Reproduce the full listing below exactly. Do not include the pictures.

→ SUPPLIED MATERIAL:
▬▬▬▬▬▬▬▬▬▬

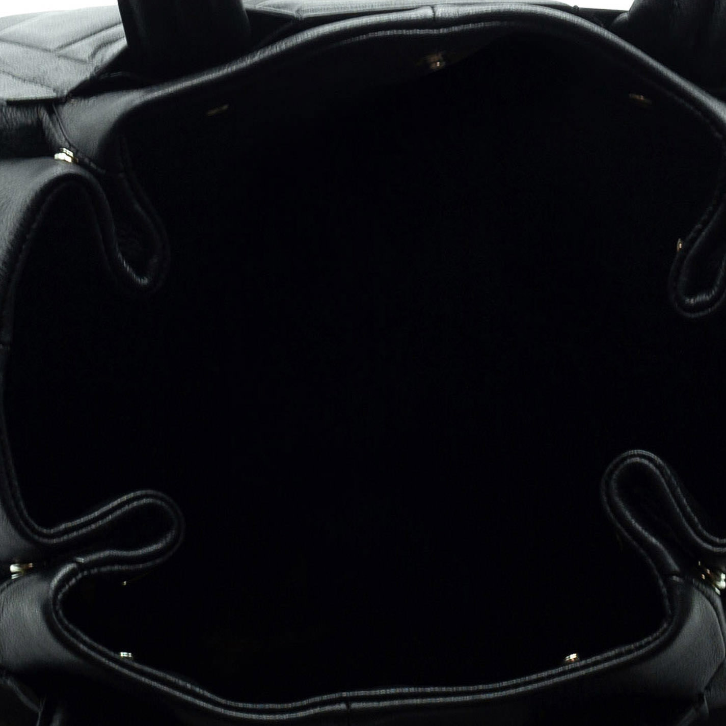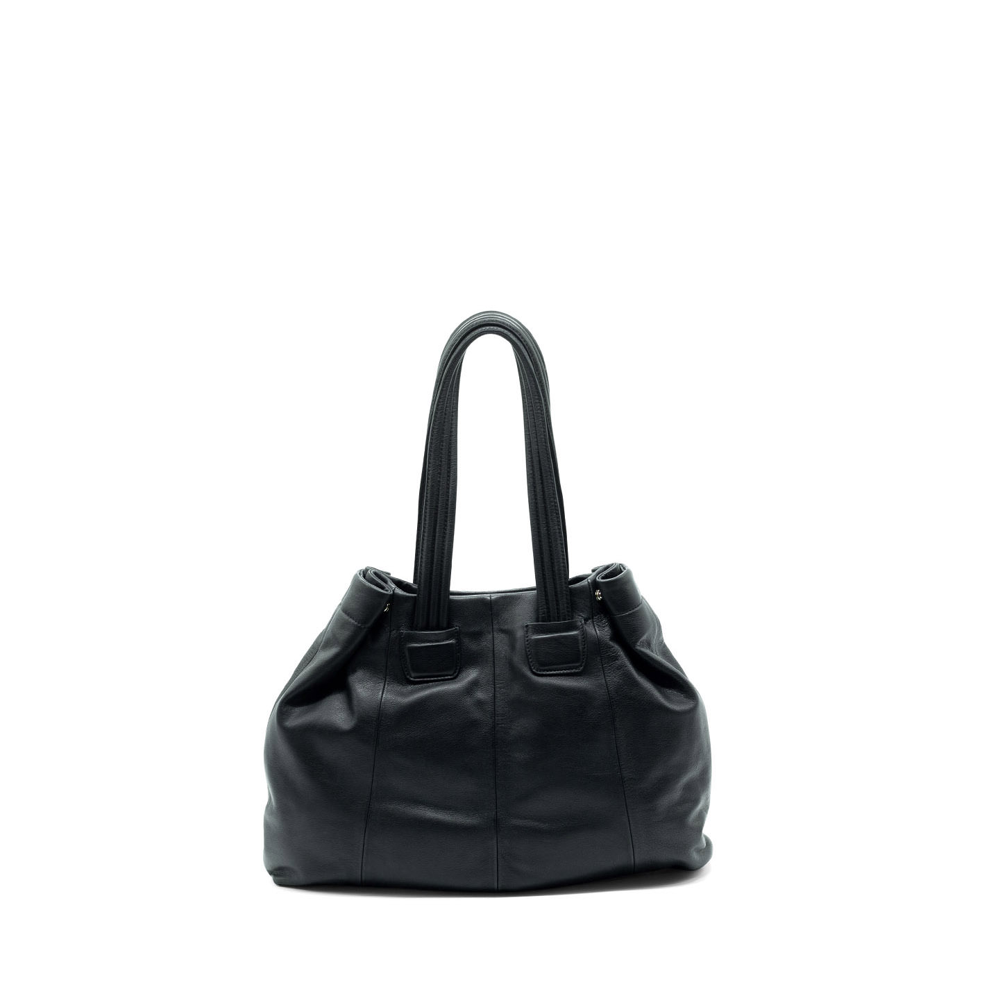 Borsa nera realizzata in morbida nappa di vitello. Sul davanti motivo di incisioni e rilievi, chiusura con automatici-Lunghi manici impunturati, tasche zippate laterali con laccetti in pelle pendenti.
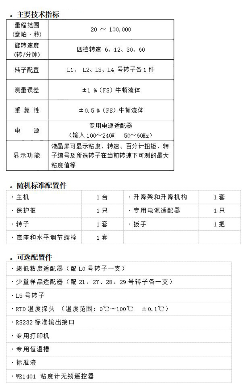 ·采用16位微处理器控制电路,直接显示粘度、转速、扭矩、转子号及可测最大粘度值等,可选配打印机和RTD温度探头。
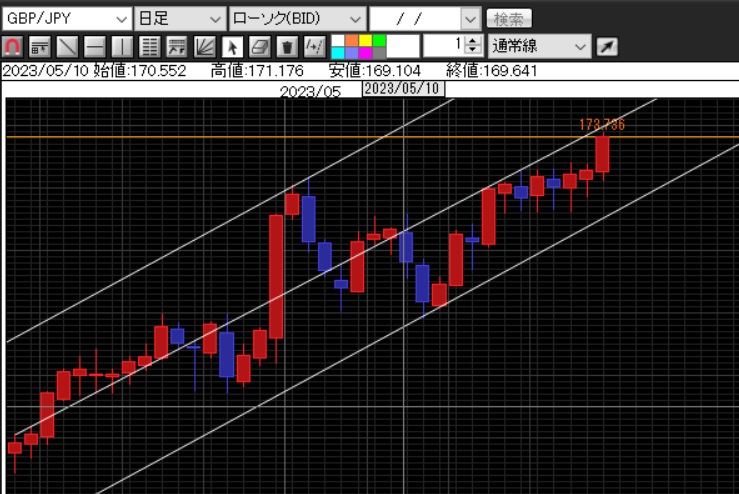 ・英小売売上高、米PCE、米債務上限問題の3つがポジティブに結果を出しているので次のはしご外しには気を付ける。6/2雇用統計発表前にポンド円が175.200円に到達した場合は一旦利確する。
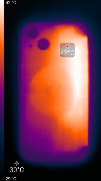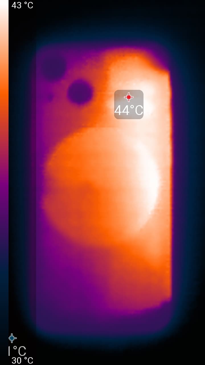 Нагрев больше в левой части аппаратов, что, видимо, соответствует расположению микросхемы SoC. По данным теплокамеры, максимальный нагрев составил 42 градуса у iPhone 13 и 44 градуса у iPhone 13 mini (при температуре окружающего воздуха в 24 градуса), это не очень высокий нагрев.

▬▬▬▬▬▬▬▬▬▬

→ RESULT BELOW:
 Borsa nera realizzata in morbida nappa di vitello. Sul davanti motivo di incisioni e rilievi, chiusura con automatici-Lunghi manici impunturati, tasche zippate laterali con laccetti in pelle pendenti.
 ·采用16位微处理器控制电路,直接显示粘度、转速、扭矩、转子号及可测最大粘度值等,可选配打印机和RTD温度探头。
 ・英小売売上高、米PCE、米債務上限問題の3つがポジティブに結果を出しているので次のはしご外しには気を付ける。6/2雇用統計発表前にポンド円が175.200円に到達した場合は一旦利確する。
 Нагрев больше в левой части аппаратов, что, видимо, соответствует расположению микросхемы SoC. По данным теплокамеры, максимальный нагрев составил 42 градуса у iPhone 13 и 44 градуса у iPhone 13 mini (при температуре окружающего воздуха в 24 градуса), это не очень высокий нагрев.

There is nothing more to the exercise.